■ What is being asked:
Using the listing below, print the line containing "The space has", the line containing "2022清远市中考体育考试项目评分标准(2021清远中考体育考试项目标准)", and each line between them, exactly and nothing else. Pictures stay out of the print.
-- Data to examine follows --
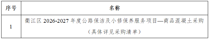一、采購項目名稱:衢江區(qū)2026-2027年度公路保潔及小修保養(yǎng)服務(wù)項目—商品混凝土采購
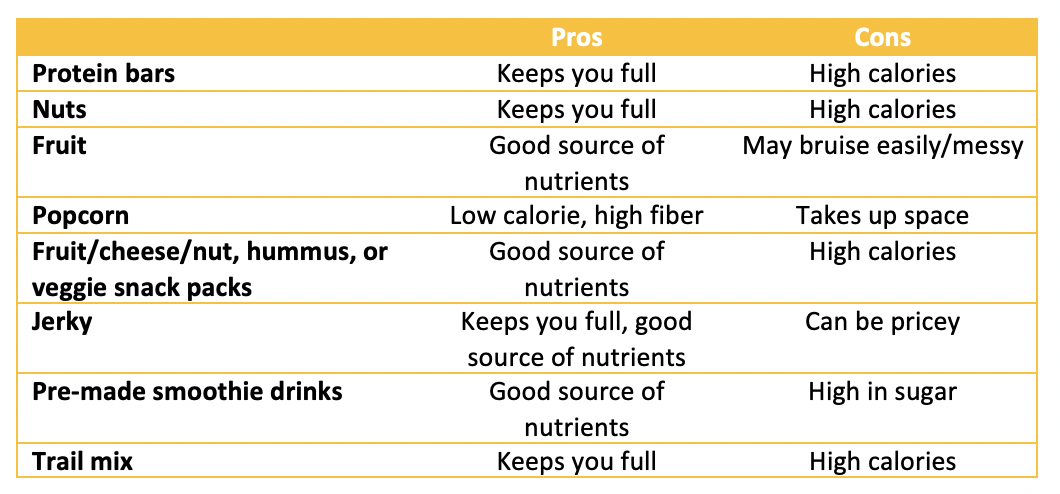 Look for healthy snacks that include protein/fats (they’ll keep you fuller longer).
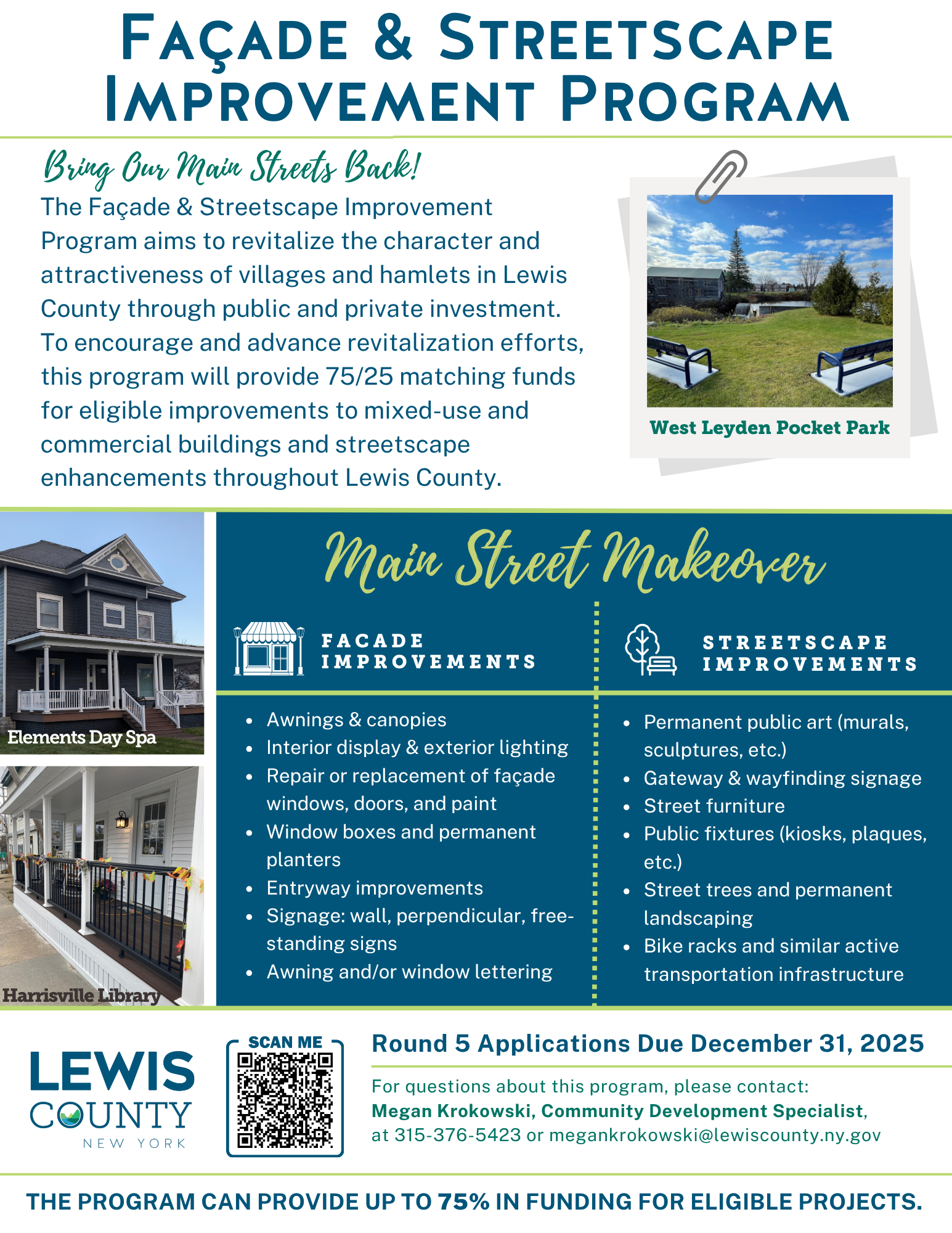 Lewis County’s downtown districts and public spaces hold central importance for community gatherings, special events, and the success of small businesses. The Façade & Streetscape Improvement Program aims to revitalize the character and attractiveness of villages and hamlets in Lewis County through public and private investment. To encourage and advance revitalization efforts, this program will provide 75/25 matching funds for eligible improvements to mixed-use and commercial buildings and streetscape enhancements in Lewis County’s villages and hamlets. Together, these improvements will help business growth and retention, enhance tourism, increase spending in the local economy, and reduce the number of blighted and vacant properties.
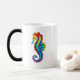 Articulação artificial, brilhante, arco-íris, cavalo de mar poligonal sobre fundo branco. Tatuagem brilhante.
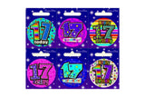 - This pack of 6 badges each with a different terrific design supplied on a backing board are sure to stand out and are an essential addition to birthday celebrations! Each badge diameter measures approx.
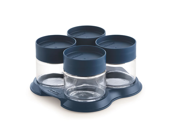 The Cello Modustack Glassy Tray Gift Set, featuring five pieces in blue and maroon, consists of four airtight glass jars with a coordinating tray. These wide-mouth jars are effortless to clean and use, designed for stacking convenience with non-slip rims on the unbreakable plastic lids. Ideal for storing an array of snacks like candy, cookies, and nuts, this set is also a perfect choice for gifting.
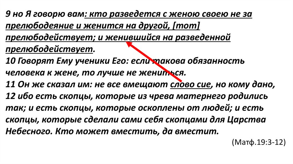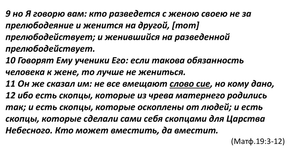 9 но Я говорю вам: кто разведется с женою своею не запрелюбодеяние и женится на другой, [тот]
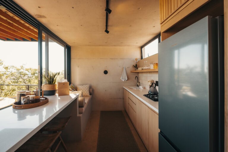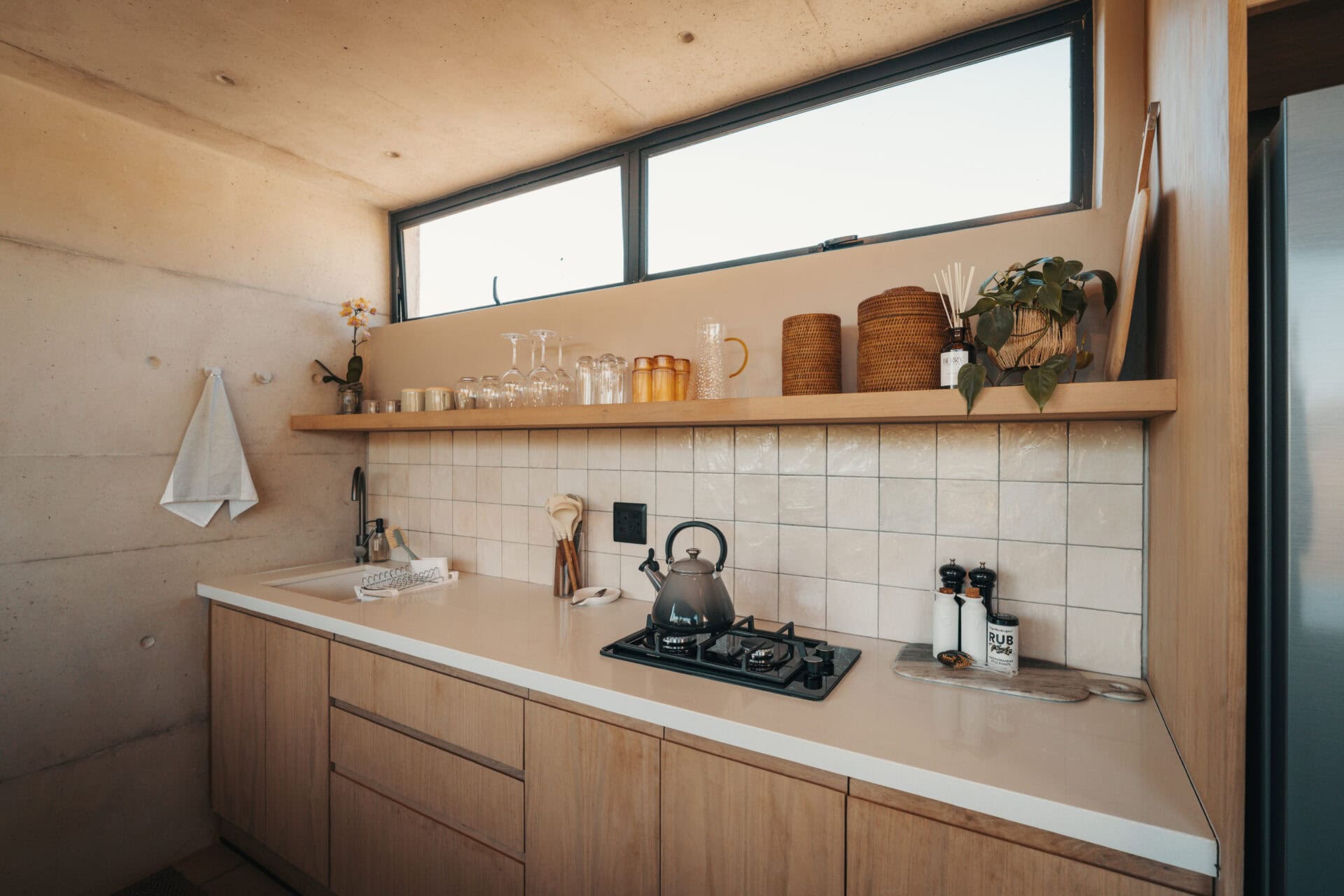 The space has been designed for outdoor living, but if the weather isn’t great, you can dine at the kitchen countertop or curl up on the window seat with a good book in hand.
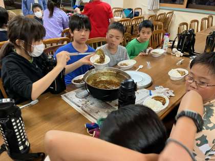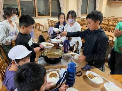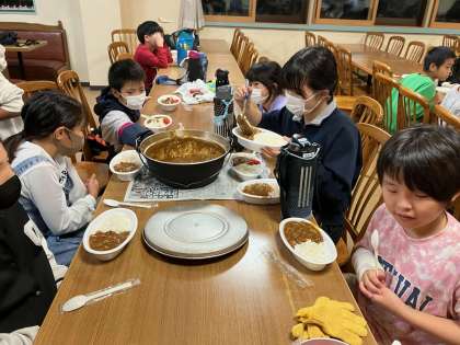 出来上がったカレーをついでいます。美味しいかな?早く食べたいです。
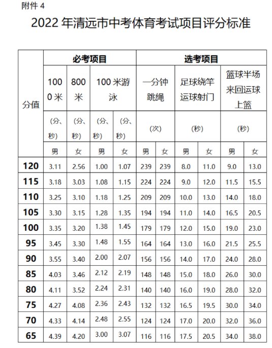 2022清远市中考体育考试项目评分标准(2021清远中考体育考试项目标准)
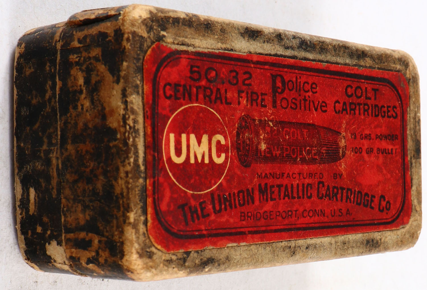 UMC, Central Fire Cartridges, .32 Colt Police Positive, 13 Grs. Powder, 100 Gr. Bullet, Full, 2pc. Black mottled box with red top label, side sealing label is gone, box is solid with very good color, some age soiling, minor shelf wear, some edge & corner wear, top label is intact, ammo is excellent. Grade: Very Good + - Value: 16 to 60
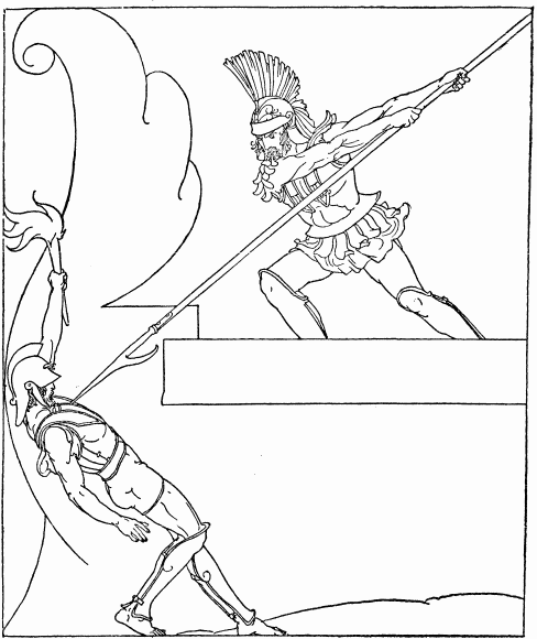 The stranger looked like one who would be a captain amongst soldiers. His eyes were grey and clear and shone wonderfully. In his hand he carried a great bronze spear. He and Telemachus went together through the court and into the hall. And when the stranger left his spear within the spearstand Telemachus took him to a high chair and put a footstool under his feet.
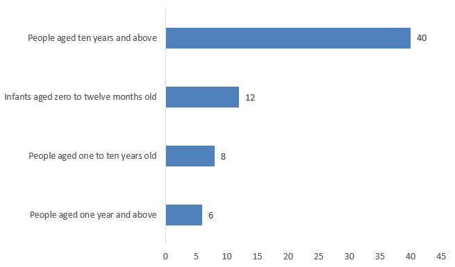 As shown in Figure 4 below, among the FSMPs approved for registration in 2024, the largest number of products were intended for people aged ten and above, totaling 40, which accounted for 61% of the total. The next were products intended for infants aged 0-12 months, totaling 12, which accounted for 18% of the total. Additionally, there were eight products intended for children aged 1-10 years, and six products intended for people aged one and above.
-- Data to examine concluded --
■ Task solution:
 The space has been designed for outdoor living, but if the weather isn’t great, you can dine at the kitchen countertop or curl up on the window seat with a good book in hand.
 出来上がったカレーをついでいます。美味しいかな?早く食べたいです。
 2022清远市中考体育考试项目评分标准(2021清远中考体育考试项目标准)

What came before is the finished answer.